Evolving US carrier Frontier Airlines anticipates hitting its unit cost targets by the end of 2015, faster than executives had previously anticipated.

The Denver-based carrier is on track to complete to achieve unit costs excluding fuel and special items “in-line” with the level at other US ultra low-cost carriers this year, says its president Barry Biffle at the Routes Americas conference in Denver today.

Frontier is targeting costs per available seat mile (CASM) excluding fuel and special items of about six cents.

Bill Franke, managing director of Frontier’s parent Indigo Partners, said in September that it hoped to achieve its unit cost goals by the first or second quarter of 2016.

Biffle does not comment on the recent announcement that Frontier will outsource 1,300 jobs, many of which are at its Denver International airport base, as part of its cost cuts.

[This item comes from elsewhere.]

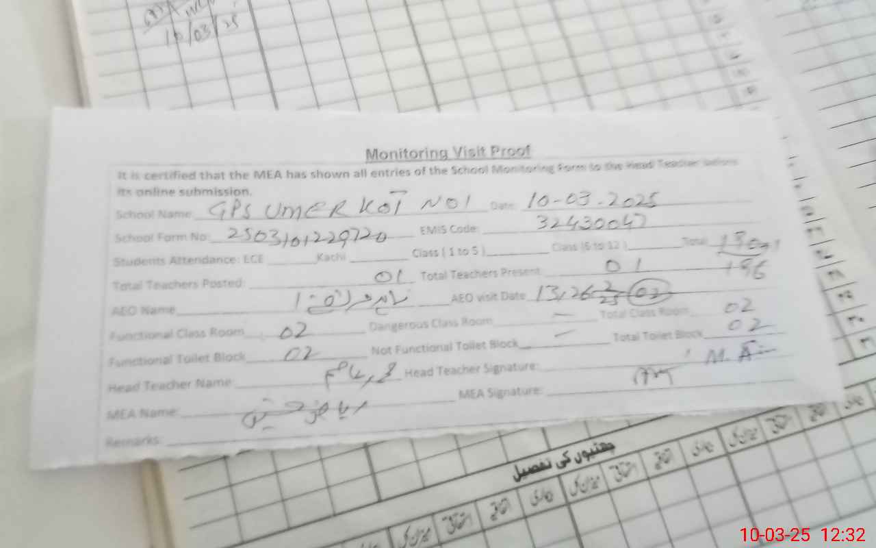 | EMIS Code: 32430047 | Name of School: GPS UMER KOT NO. 1 | |||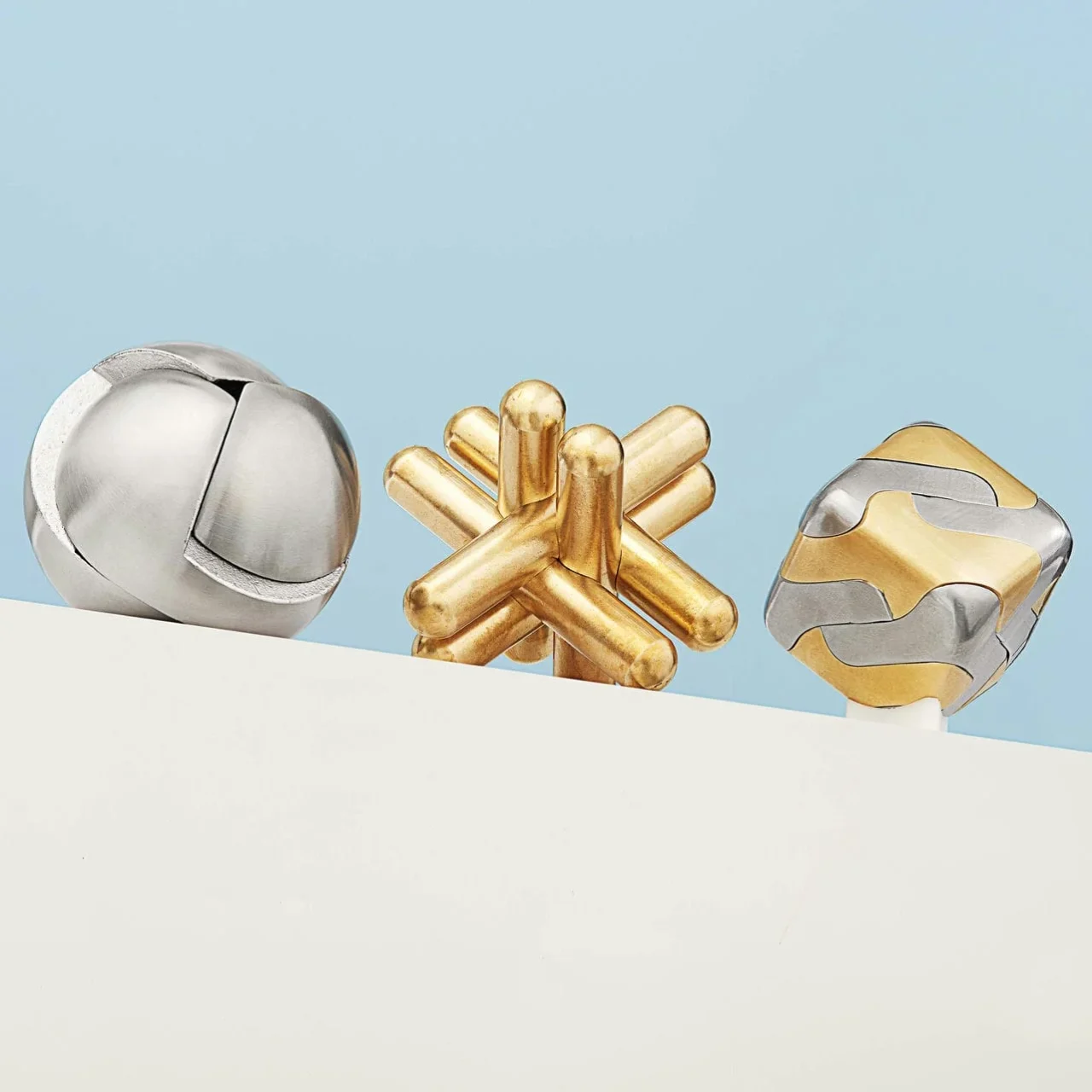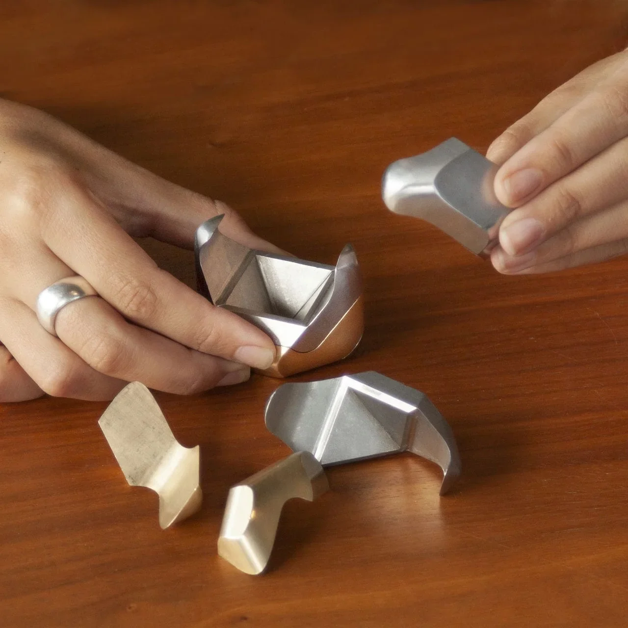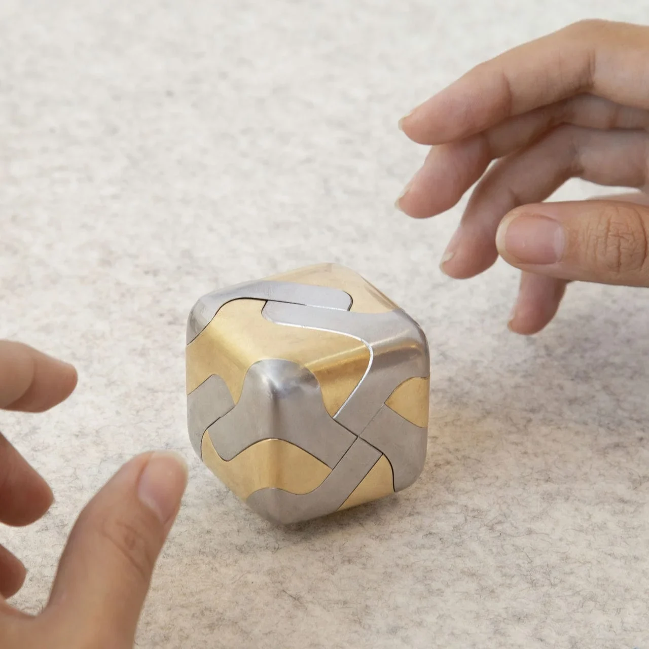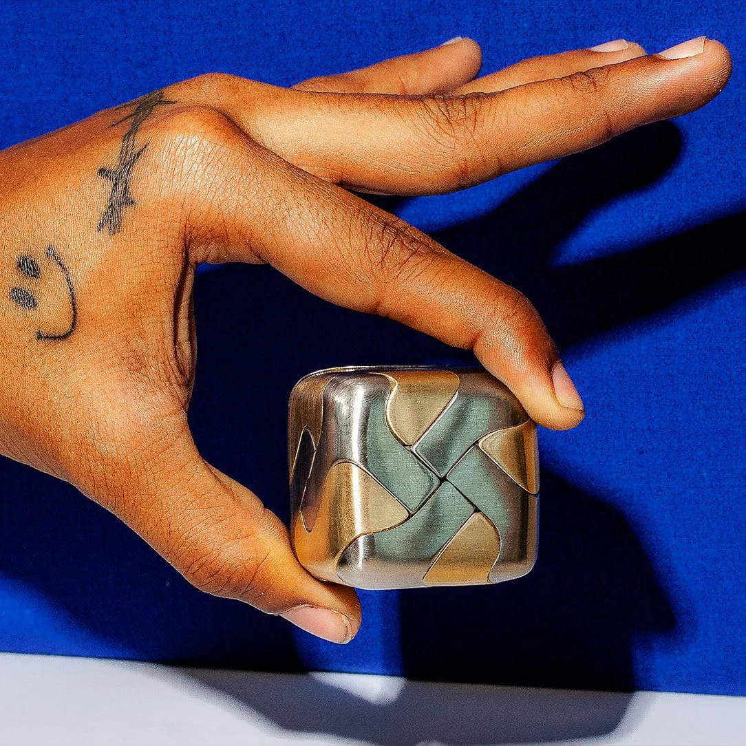 The Tycho Puzzle is a tactile exploration in form, function, and hidden complexity. Composed of eight individual pieces made from brass and stainless steel, the components come together to form a subtly rounded cube—a compact object that feels as much like a sculptural artifact as it does a brain-teasing challenge.

Even as Frontier works towards costs comparable to those at Allegiant Air and Spirit Airlines, Biffle distances the carrier from Spirit, which was previously owned by Indigo and where he worked for eight years until 2013.

“There’s no ‘Spiritisation’ of Frontier,” he says. “We’re a lot different brand. We’ve come out with a lot of things that will bring costs in line – or perhaps better – than Spirit. We believe that you can smile and deliver a low price.”

Frontier has implemented a new fare structure and is in the process of removing in-flight entertainment and installing slimline seats on its fleet of Airbus A320 family aircraft as part of the larger remaking of the airline.